The existing 36 + 2 signal lines were not enough to transmit the PCI bus overhead signals to the second chip without changes, and I didn’t want to limit the transmission to one or two bytes. Even if it is possible to spread the bus address and data.
Therefore, 32 of the 36 signal lines were immediately given to the data bus (and addresses), 1 signal line controlled the general system reset, and on the other three we hung the whole control. To transmit the CLK signal, we had a separate line.
Silent mode, address transfer mode, single data write mode, stream data (Burst) mode, mask write modes, read and stream read. A total of eight bus conditions that fit into three signal lines.
It remains only to transmit four BE signals for recording by mask. It was decided to hide them in the upper four bits on the data bus if we use this mode.
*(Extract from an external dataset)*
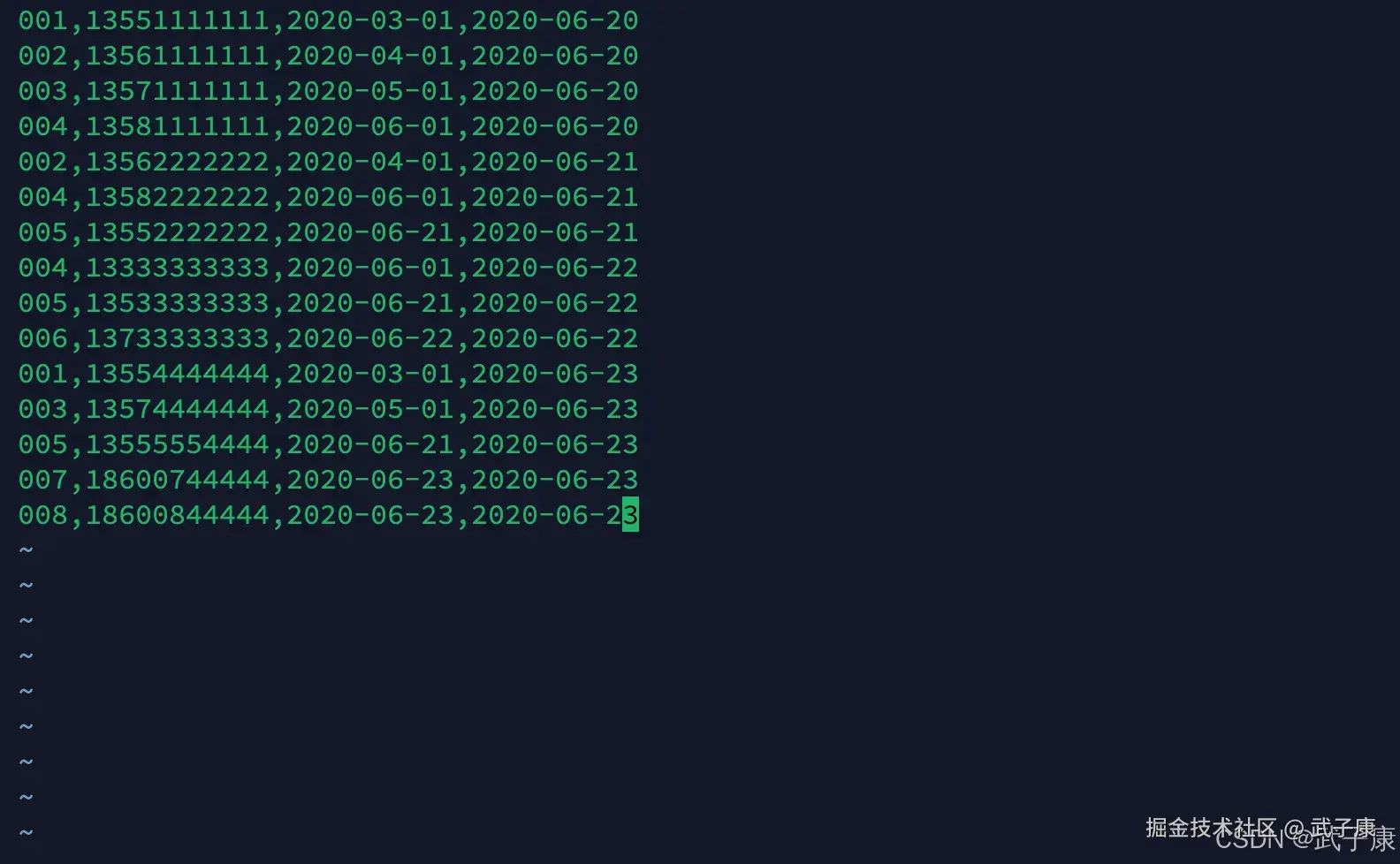 001,13551111111,2020-03-01,2020-06-20

For each SIM card in the FPGA a maximum possible buffer was allocated. Since a single-wire half-duplex interface is carried out with a Smart card, we have 100 cards and only 105 memory chips in the microcircuit, it was decided to make one buffer for reception and transmission. And zeroing addressing at the beginning of the transfer or reception. I was lucky and according to the standard from the SIM card can not come more than 256 bytes of data per command. So the available buffer will not overflow until we subtract it.
The term “team” is slightly different from the ISO-7816 standard. There, the team refers to a card, then a confirmation from the card, and then the data. But I am interested in the amount of data from zeroing to zeroing the buffer.

It was decided not to make the buffer for data exchange with the second microcircuit, but to directly write to the memory for SIM cards in the second microcircuit. Since I have already occupied 102 memory blocks out of 105. The choice of the first and second microcircuits is selected by referring to BAR0 or BAR1, respectively.
For BAR0 and BAR1 made different controllers. Appeal to the second chip occurs at a time later, but this is governed by the delay in setting the TRDY signal on the side of the PCI bus.

For each chip, 64K of memory is allocated, which is enough to serve 128 Smart cards. We have 100. There are still 28 blocks. In two blocks we will place service information where information about the state of card reset and exchange rate will be stored. Back we need to return the amount of data received from the SIM.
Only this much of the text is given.